What's DJ Khaled's favorite number?




Answer: 11 because it has ANOTHER 1! lol

Victoria

I sat on the edge of my bed the next morning putting on my shoes, lost in thought about how my children are spiraling downwards. I don't even know what to do with them anymore, and I feel like it's my fault. Like I failed them. Ava won't even talk to me anymore because Rob and Hazel have twisted her brain up. They're making it seem like I'm the bad guy when I've done nothing but good for her, her entire life. Teddy and I didn't have to take her in, and we didn't have to care for her and treat her as if she was our daughter. I just wish she would see all the good things Teddy and I have done for her, instead of listening to Hazel.

Hazel's jealous of me and my life. Period. For years I've known she was jealous of me, especially after that Rodney stuff in high school. Me and her just haven't been the same since then and I honestly don't care about repairing our relationship. I'm 51 years old, I don't really give a damn about keeping friendships at this point in my life and neither should she. But if she's that concerned about ruining my life because she's still hung up on something so simple that happened in high school, then she can continue to harp on it but I won't let her turn Ava out. Who knows what the hell she's got Ava doing with her crazy ass.

And Theodore. I don't even know what to say about him. Since I found out Nicole's pregnant, I haven't been able to sleep the past couple of weeks nor have I had an appetite. I don't know how to deal with him sleeping around and getting girls pregnant and he's only 16. I know Lindsey had a baby when she was 17 but she was on a completely different situation, and for Theodore to bring that up and try to use it against me is wrong. He's deliberately out having sex with girls without any protection, and part of me feels like this is just karma coming to bite him in the ass. He knows he needs to use protection, so it's only fair that he has the responsibility of being a father in place of not using protection.

I was so angry at him a few weeks ago when I found out. I don't want to start creating this vicious cycle of my kids having kids when they're still kids themselves. I don't want anymore grandchild right now, and they shouldn't want any children. Sometimes, I feel like I want more out of Theodore's life than what he wants for himself. It's like he doesn't even care anymore. Just a few years ago, he was such a good kid. He'd go to school, yeah he'd get in trouble sometimes, but he'd do his work and wouldn't be trying to get away with low grades and hanging out all night. I wish he would go back to being that kid.

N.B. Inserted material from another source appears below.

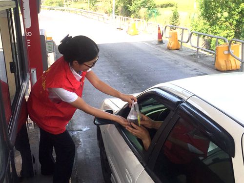 8月10日,臺州南收費所的部分黨員、團員一大早就來到所里,將綠豆紅棗湯、涼粉等消暑物品分杯、添糖、加水、封口,為一年一次的“送清涼”活動作準(zhǔn)備?!八颓鍥觥被顒邮窃撍驹刚叻?wù)隊服務(wù)社會的內(nèi)容之一,是臺州高速的一道風(fēng)景。

I took a deep breath and stood up from my bed after I finished putting on my shoes. I'm really not in the mood to go to work today after finding out about Lindsey being in the hospital but I know I need to get up and go out. If it was up to me, I'd be laying around in bed all day sulking but I have to keep things together for my family. And if Teddy can go out to the club and keep his life moving forward, then I know I can do the same thing too.

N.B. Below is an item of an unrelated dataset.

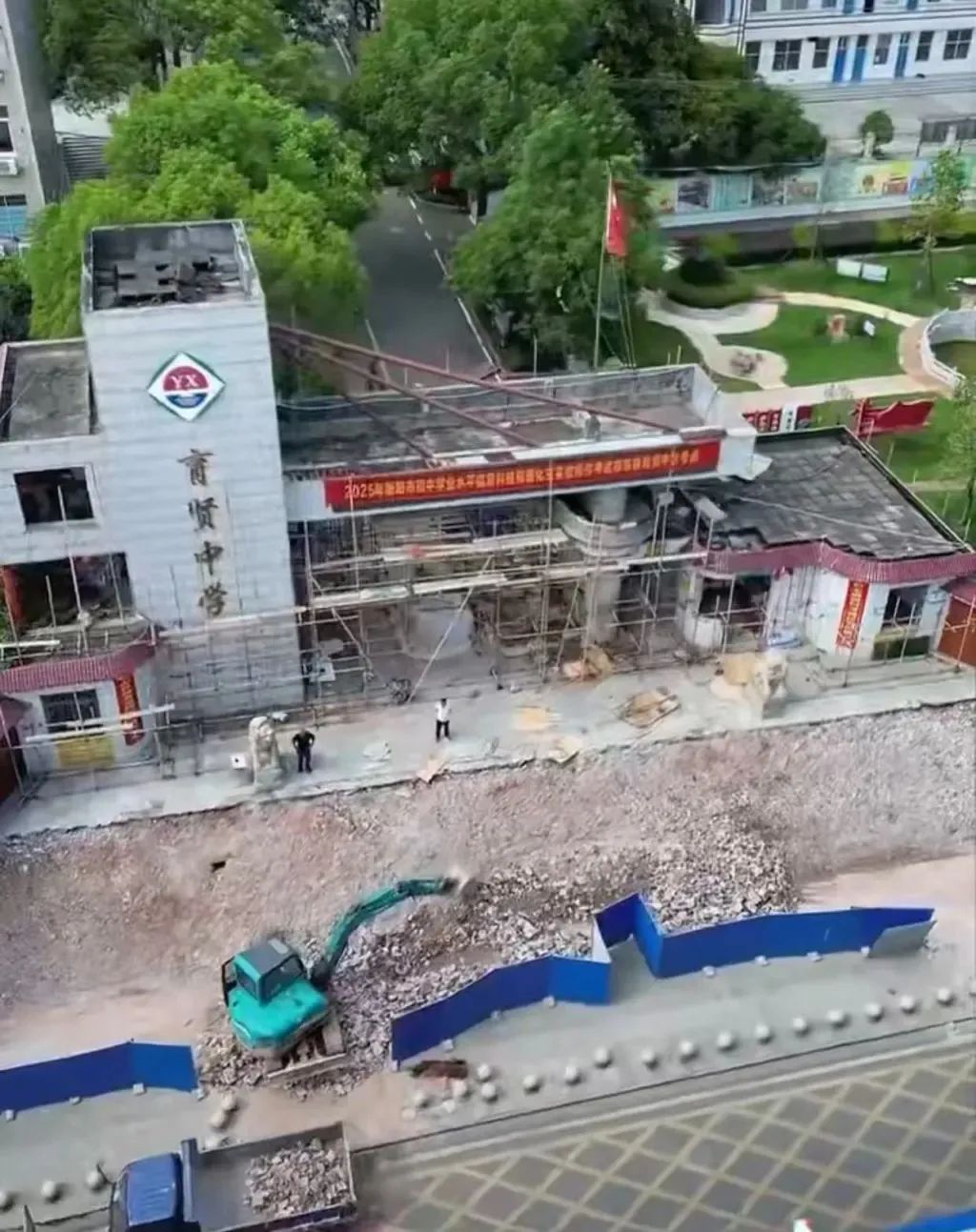 正在修繕中的育賢中學校門 圖片來源:澎湃新聞

I walked out of my bedroom and down the hall to Theodore's room. I took a deep breath before knocking on his door. I don't know why I was so nervous to knock on my own son's door, but I am. I guess it's because he and I haven't sat down and had a real conversation after the news about Nicole got out or because we've been distancing ourselves from each other. I don't know if he feels it too, but it's so awkward being around him here lately.

He pulled the door open and I could tell he was surprised to see me, of all people, knocking on his door. "Yeah?" he asked.

"I uh just wanted to see how you were feeling."